The article about the “subscription” HP ink made me realise something.
Subscriptions aren’t a new idea at all. You could subscribe to paper magazines. And you got to keep them.
I’m just clearing up my old house and it’s filled with tons of old tech magazines. Lots of useful knowledge here. Wanna know how Windows and Mac compared in 1993? It’s in here. All the forgotten technologies? Old games, old phones, whatever? You’ll find it.
Now, granted. You’d only get one magazine a month. Not a whole library of movies or games or comic books.
But still, the very definition of subscription has shifted. Now, the common meaning is “you only get to use these things as long as you’re paying”. Nobody even thinks it could mean anything else.
Besides, it doesn’t only apply to services that offer entire libraries. Online magazines still exist in a similar form as the paper ones. But you only get to access them while your “subscription” is active. Even the stuff you had while you were paying.
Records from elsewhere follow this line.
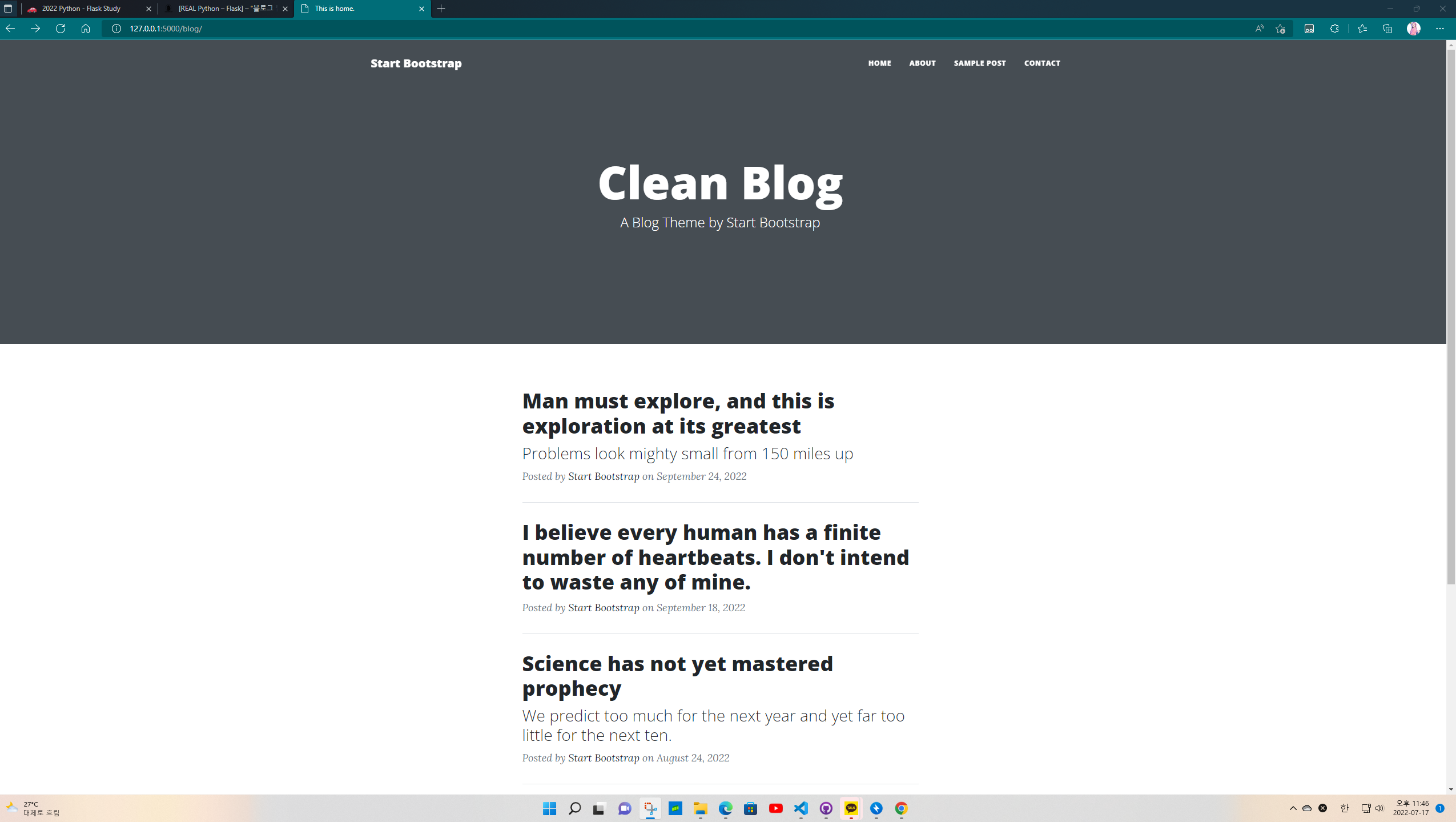 다음으론 Bootstrap을 사용해 flask에서 정적 파일을 다뤄보겠다. Clean Blog - Bootstrap Blog Theme - Start Bootstrap 사이트에서 템플릿을 다운받을 수 있다.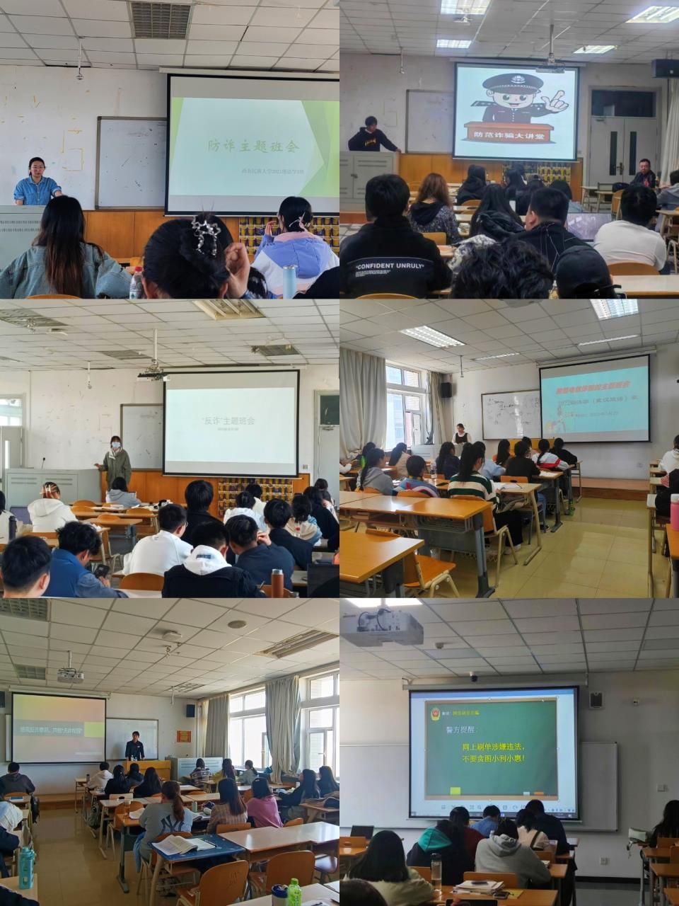 以班级为单位持续展开防诈反诈主题班会,各班级以播放视频、PPT展示和口头宣讲等方式向同学们讲解电信诈骗案例和甄别电信诈骗的方法,并重点介绍校园诈骗的类型及套路,号召全体同学勿贪小便宜,谨防上当受骗。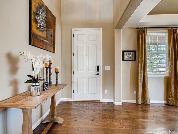 Stunning home in a cul-de-sac that backs to open space! As you walk in the front door you are greeted by beautiful wide plank hardwood floors throughout most of the main level, tons of natural light, and vaulted ceilings. Beautiful gourmet kitchen has slab granite countertops and stainless steel appliances, including double ovens, gas cooktop, microwave and dishwasher. Tasteful glass tile backsplash is also featured in the butler's pantry that has glass front cabinets and convenient wine fridge. It is open to the living room with great views of the open space, and easy access to the covered patio for BBQ's. Main floor bedroom/study has an adjacent full bath. Upstairs master suite with five-piece bath that has tile floors and granite countertops, plus walk in closet with system. Two bedrooms share a full hall bath, and the fourth bedroom is a guest suite with private 3/4 bath. Builder finished basement boasts a large rec area, additional bedroom and full bathroom plus large media room. Relax on the covered deck and enjoy the tranquil backyard. This is a well cared for home in a great neighborhood that is move-in ready!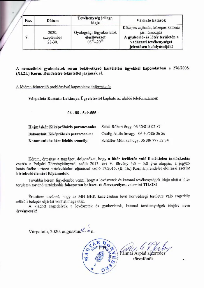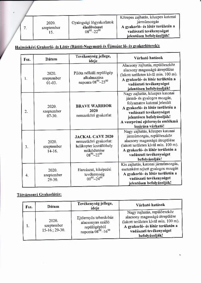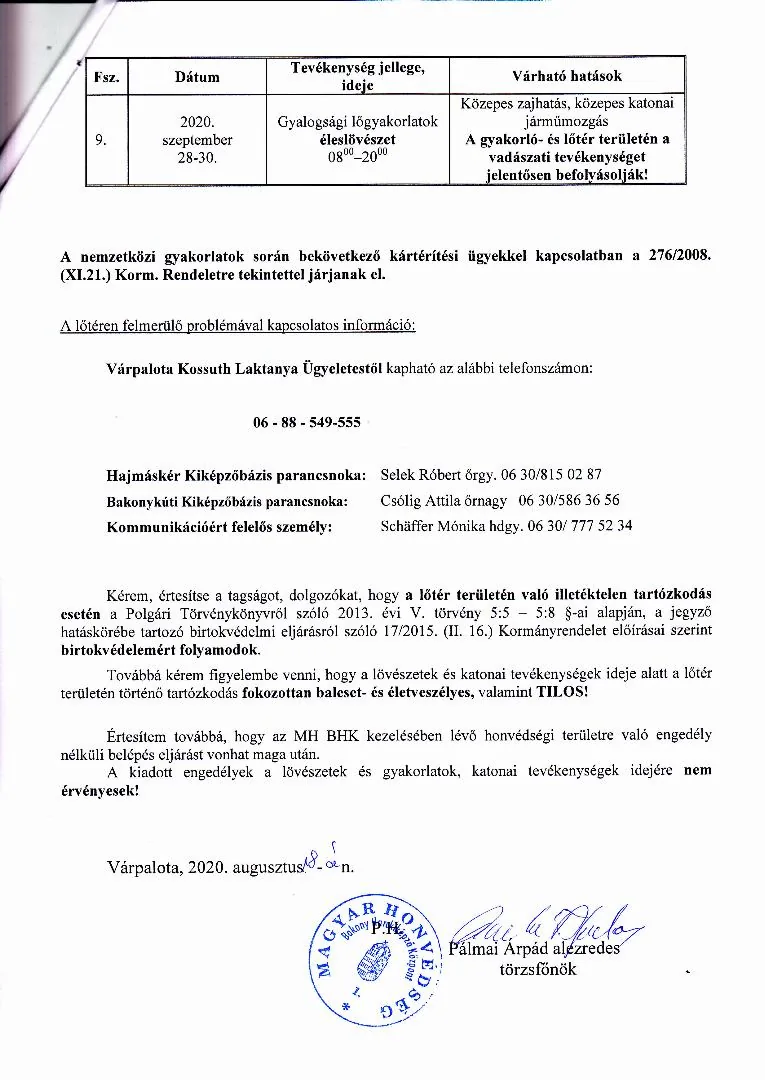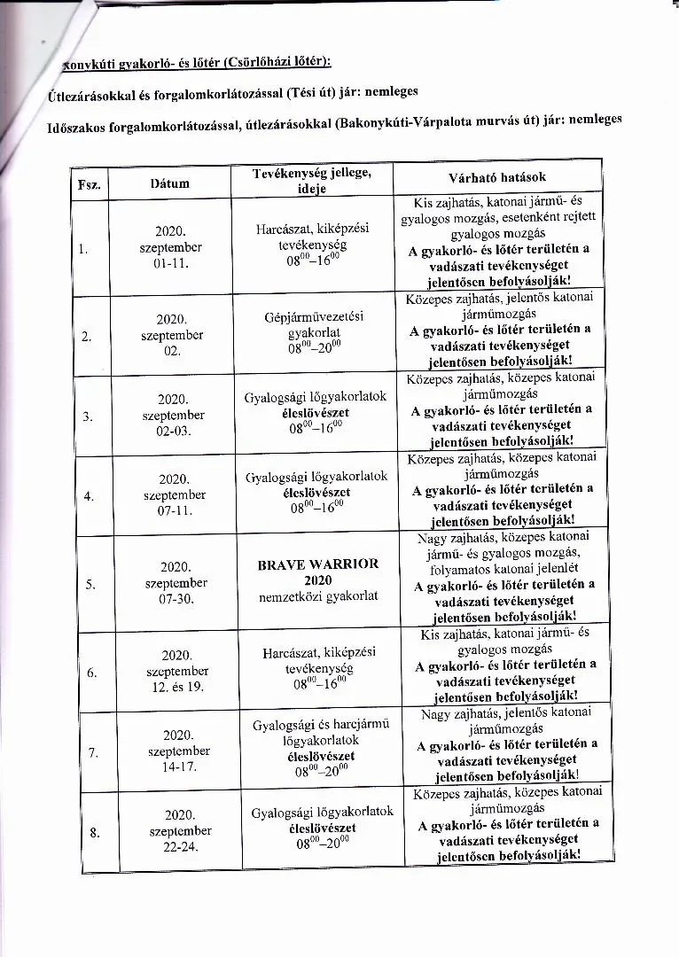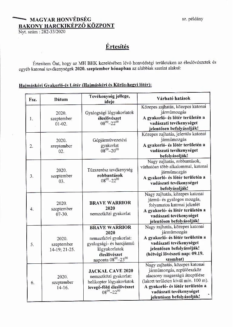 BAKONY HARCKIKÉPZŐ KÖZPONT honvédségi területein az éleslövészetek és egyéb katonai tevékenységek alakulása.
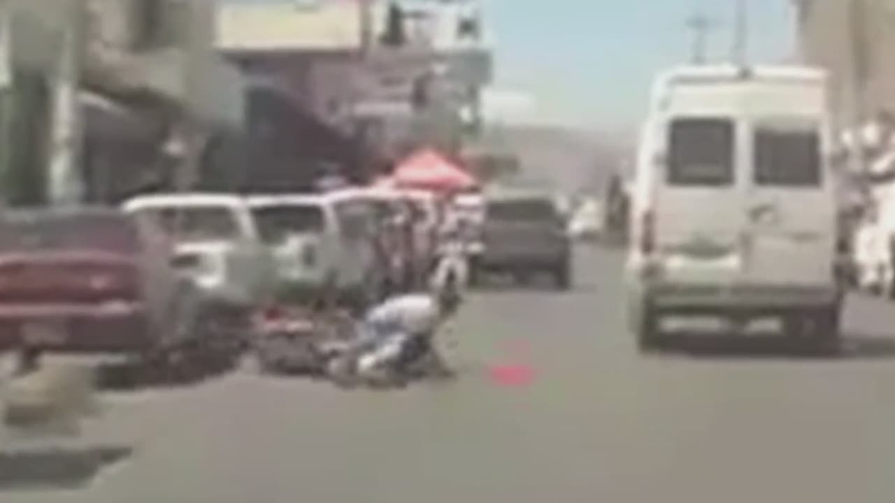 El hombre no pudo detenerse y callo sobre la mujer que sólo sufrió heridas leves.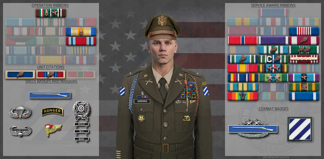 European Campaign (ECM) First Lieutenant Chris Winters The Secretary of the Army has reposed special trust and confidence in your patriotism, valor, fidelity and professional excellence. In view of these qualities, your demonstrated leadership potential, and dedicated service to the United States Army and the unit, you are, therefore, awarded the European Campaign (ECM). Awarded: Jan 5, 2025 Signed: Major John LaFlash |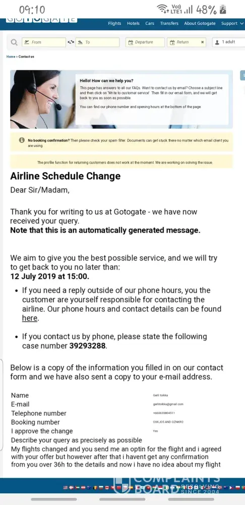 And filling at gotogate website the form gettind automatic answer that they try to get back to me in less than 24 before my orginal fligts and that not ok..
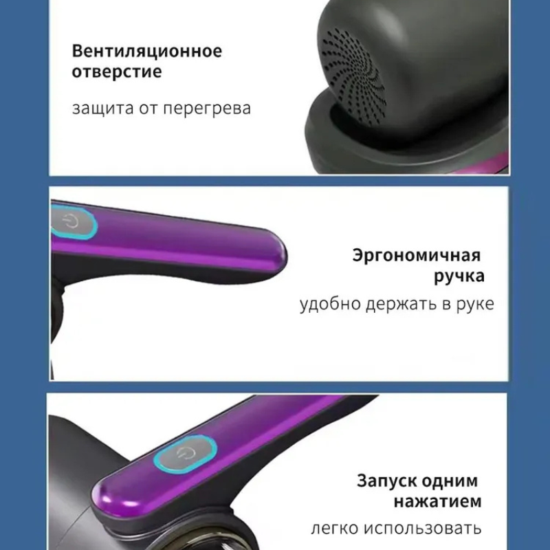 Высокоэффективный многофункциональный пылесос для: кровати, дивана, постельного белья и подушек. Предназначен для удаления грязи, волос, шерсти, пылевого клеща и стерилизации поверхности мебели.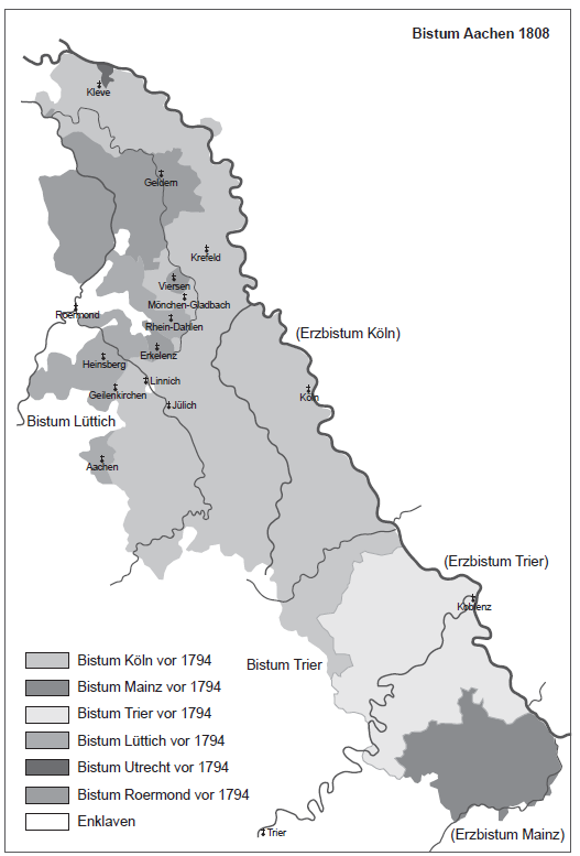 Jetzt gehört Aachen mit den anderen Suffraganbistümern (Limburg, Münster, Osnabrück und Trier) zur Kölner Kirchenprovinz.8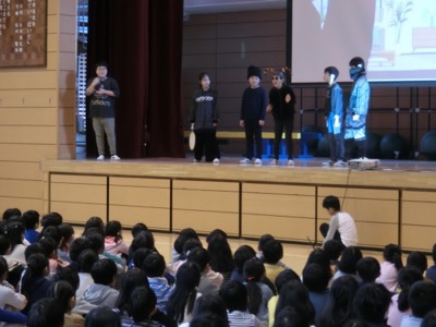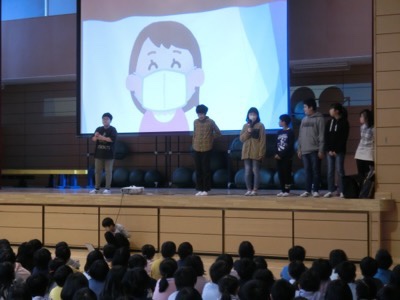 今朝は「健康朝会」。月1回、体育や保健に関する内容の朝会があります。今日は、保健委員会から、インフルエンザや風邪の予防について話がありました。手を洗わずにご飯を食べてしまった男の子にバイキンたちが襲いかかるという寸劇です。

BTW I’m not throwing my old magazines away. I won’t have the space, but a friend is taking it all. If they wouldn’t, I’d give them to a library or let someone take them. The online and streaming stuff of today and tomorrow? In 30 years it’ll be gone, forgotten and inaccessible.
And on YouTube subscribing means: “We’ll probably show you some videos from this channel every now and then. If you don’t click on those videos, we’ll think you don’t like that channel anymore, but forgot to unsubscribe, so we’ll just stop showing those videos. Actually, we might just stop any time if we don’t like that channel. It’s pretty random TBH.”
Hmm… I don’t think this has been my experience. My subscriptions page on YouTube has always shown all the new videos from all of my subscriptions. It’s recently changed to also include “shorts” which I hate, but they’re all there whether I’ve watched any of their content or not.
Home page is a different story, but I don’t really scroll there. I always go straight to subs.
Correct. Home page is a complete disaster, while the subscription page works the way it should.
I don’t know for sure, I’m not an avid watcher, but I’ve seen several pretty big channels talk about this in their videos and ask people to check their subscription because it does apparently happen.
What you’re describing is the home page, not the subscription page. If you want to see content from your subscriptions, go to your subscription page. I prefer my home page to be a mix of things I know and things I don’t know. Found tons of interesting content that way.
Yeah, the subscription page totally works. No problems there… Although some people claim that YT has removed some subcriptions without consent. Never happened to me though, so I don’t know if it’s actually true or not.
Meanwhile, it will insist on showing you awful recommendations from channels you have never watched no matter how long you ignore them or how many times you click “not interested”.
LPT: Get a trash account and watch all the viral stuff there. Use your main account for watching all the stuff you really care about.
My wife watches a lot of YouTube and has several favorites. She’s subscribed to none of them. Apparently lots of people do this and completely ignore the subscription feature.
To some extent, I do as well.
If I want to see about 30% of the content of a particular channel, I’m absolutely not going to subscribe. Let’s say there’s a channel that made a few cool Minecraft videos, but they also do lots of other random stuff I don’t care about. If I subscribe, YT will send me some of that that 70% as well.
However, if I want to see at least 95% of the videos, subscription is in order. With this method, I’ve been able to curate my home view to be more meaningful and relevant to me.
One of the reasons I don’t even bother with a Youtube account and instead track my subscriptions with Invidious.